Task to complete | Everything from the line that holds "폴더 및 검색 옵션 변경이라고 있습니다." through the end of the listing below must be retyped word for word, without any pictures.

Raw data |

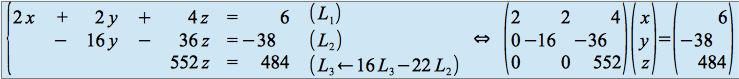 On obtient ainsi un système triangulaire, qu'il est alors facile de résoudre, en commençant par déterminer la variable
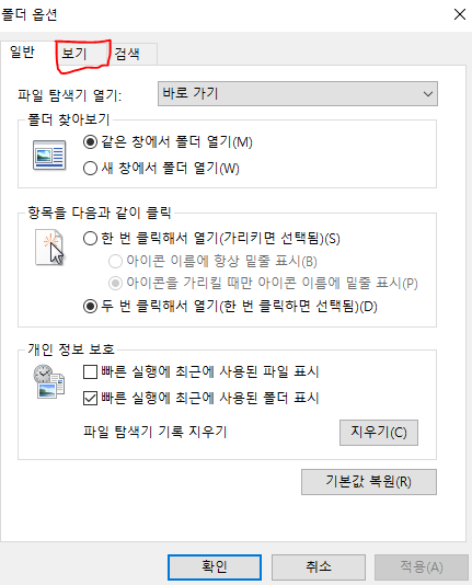 폴더 및 검색 옵션 변경이라고 있습니다.
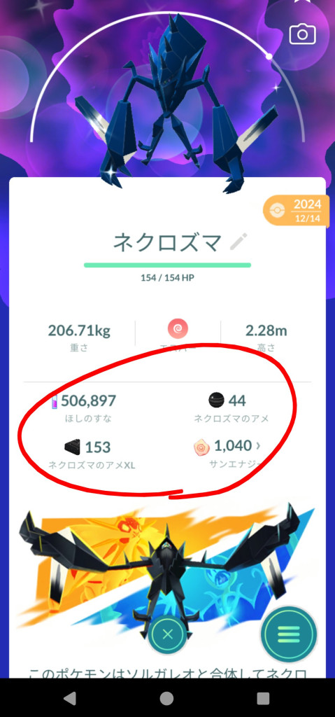 とりあえず月食ネクロズマ合体のボタンを押したら、エナジーがあと1000個必要ですと出ました。

Exercise solution |
 폴더 및 검색 옵션 변경이라고 있습니다.
 とりあえず月食ネクロズマ合体のボタンを押したら、エナジーがあと1000個必要ですと出ました。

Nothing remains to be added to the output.